Adoption of NFPA 805, Performance-Based Standard for Fire Protection for Light Water Reactor Electric Generating Plants, 2001 Edition in accordance with 10 CFR 50.48(c) serves as the method of satisfying 10 CFR 50.48(a) and General Design Criterion 3. Prior to adoption of NFPA 805, General Design Criterion 3, "Fire Protection" of Appendix A, General Design Criteria for Nuclear Power Plants, to 10 CFR Part 50, Licensing of Production and Utilization Facilities, was followed in the design of safety and non-safety related structures, systems, and components, as required by 10 CFR 50.48(a).

NFPA 805 does not supersede the requirements of GDC 3, 10 CFR 50.48(a), or 10 CFR 50.48(f).

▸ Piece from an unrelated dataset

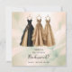 Propose to your bridesmaids with grace and style using our Romantic Chic Three Elegant Natural Bridesmaid Dresses Proposal Cards. These cards feature beautiful watercolor-effect illustrations of three long, elegant, and sophisticated bridesmaid dresses, each delicately hanging on a hanger. The dresses, designed with careful attention to detail, embody the elegance your bridesmaids deserve. The card’s background is adorned with a subtle floral pattern in soft browns and greens, adding a touch of natural refinement to the design.

Those regulatory requirements continue to apply. However, under NFPA 805, the means by which GDC 3 or 10 CFR 50.48(a) requirements are met may be different than under 10 CFR 50.48(b). Specifically, whereas GDC 3 refers to SSCs important to safety, NFPA 805 identifies fire protection systems and features required to meet the Chapter 1 performance criteria through the methodology in Chapter 4 of NFPA 805. Also, under NFPA 805, the 10 CFR 50.48(a)(2)(iii) requirement to limit fire damage to SSCs important to safety so that the capability to safely shut down the plant is satisfied by meeting the performance criteria in Section 1.5.1 of NFPA 805.

A Safety Evaluation was issued on [ENTER DATE] by the NRC, that transitioned the existing fire protection program to a risk-informed, performance-based program based on NFPA 805, in accordance with 10 CFR 50.48(c).

9.5.1.1 Design Basis Summary 9.5.1.1.1 Defense-in-Depth The fire protection program is focused on protecting the safety of the public, the environment, and plant personnel from a plant fire and its potential effect on safe reactor operations. The fire protection program is based on the concept of defense-in-depth. Defense-in-depth shall be achieved when an adequate balance of each of the following elements is provided:

(1) Preventing fires from starting, (2) Rapidly detecting fires and controlling and extinguishing promptly those fires that do occur, thereby limiting fire damage, (3) Providing an adequate level of fire protection for structures, systems, and components important to safety, so that a fire that is not promptly extinguished will not prevent essential plant safety functions from being performed.

9.5.1.1.2 NFPA 805 Performance Criteria The design basis for the fire protection program is based on the following nuclear safety and radiological release performance criteria contained in Section 1.5 of NFPA 805:

Revision 3 N-1

NEI 04-02 Appendix N Nuclear Safety Performance Criteria. Fire protection features shall be capable of providing reasonable assurance that, in the event of a fire, the plant is not placed in an unrecoverable condition. To demonstrate this, the following performance criteria shall be met.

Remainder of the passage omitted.